My sense is that there's a real need for a simple crawler which is easy to use as an API and doesn't attempt to be everything to everyone.

Yes, Nutch is cool, but I'm so tired of fiddling around with configuration files, the proprietary fileformats, and the filesystem-dependence of plugins.
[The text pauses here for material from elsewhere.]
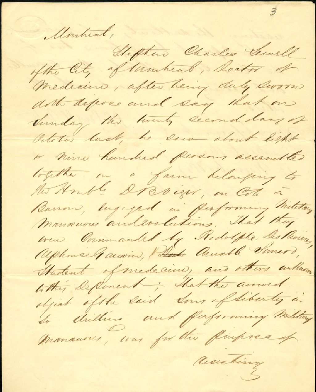 - Stephen Charles Sewell a vu un rassemblement des Fils de la liberté le 22 octobre 1837, sur la côte à Barron, propriété de B. Viger, qui faisaient des exercices militaires dans le but de renverser le gouvernement. II en nomme quelques-uns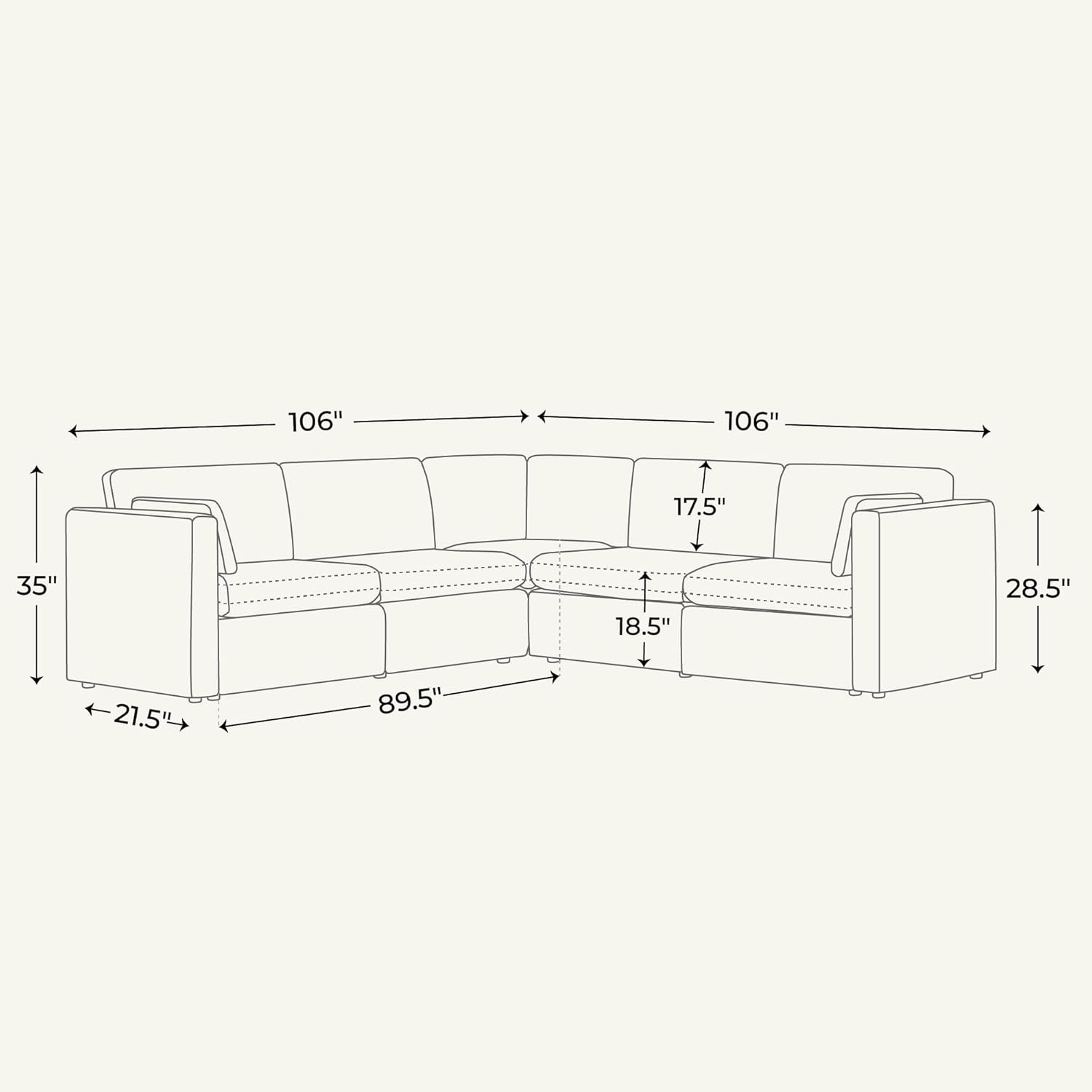 - 5-Piece Modular Sofa with Larger Seats - CHITA modular couches feature clean and classic design with comfortable and wider seats to offer you a never ending relax after a long day. Each seat has a 34'' seat width - 30% larger than most counterparts. Individual seat dimension: 34''W x 21.5''D x 18.5''H. Only three seats are needed to achieve a 106'' overall width.

Also, crawl progress reporting is poor unless you're intending to be parsing log files.

Here are some thoughts on what a simple crawler might look like:

Download all pages in a site


    SimpleCrawler c = new SimpleCrawler();
    c.addURL(url);
    c.setOutput(new SaveToDisk(downloaddir));
    c.setProgressListener(new StdOutProgressListener());
    c.setScope(new HostScope(url));
    c.start();

Download all urls from a file (depth 1 crawl)


    SimpleCrawler c = new SimpleCrawler();
    c.setMaxConnectionsPerHost(5);
    c.setIntervalBetweenConsecutiveRequests(1000);
    c.addURLs(new File(file));
    c.setLinkExtractor(null);
    c.setOutput(new DirectoryPerDomain(downloaddir));
    c.setProgressListener(new StdOutProgressListener());
    c.start();

Page through a search results page via regex


    SimpleCrawler c = new SimpleCrawler();
    c.addURL(url);
    c.setLinkExtractor(new RegexLinkExtractor(regex));
    c.setOutput(new SaveToDisk(downloaddir));
    c.setProgressListener(new StdOutProgressListener());
    c.start();

Save to nutch segment for compatibility


    SimpleCrawler c = new SimpleCrawler();
    c.addURL(url);
    c.setOutput(new NutchSegmentOutput(segmentdir));
    c.setProgressListener(new StdOutProgressListener());
    c.start();

I'm basically trying to find the sweet-spot between Commons HttpClient, and a full-blown crawler app like Nutch.

Thoughts?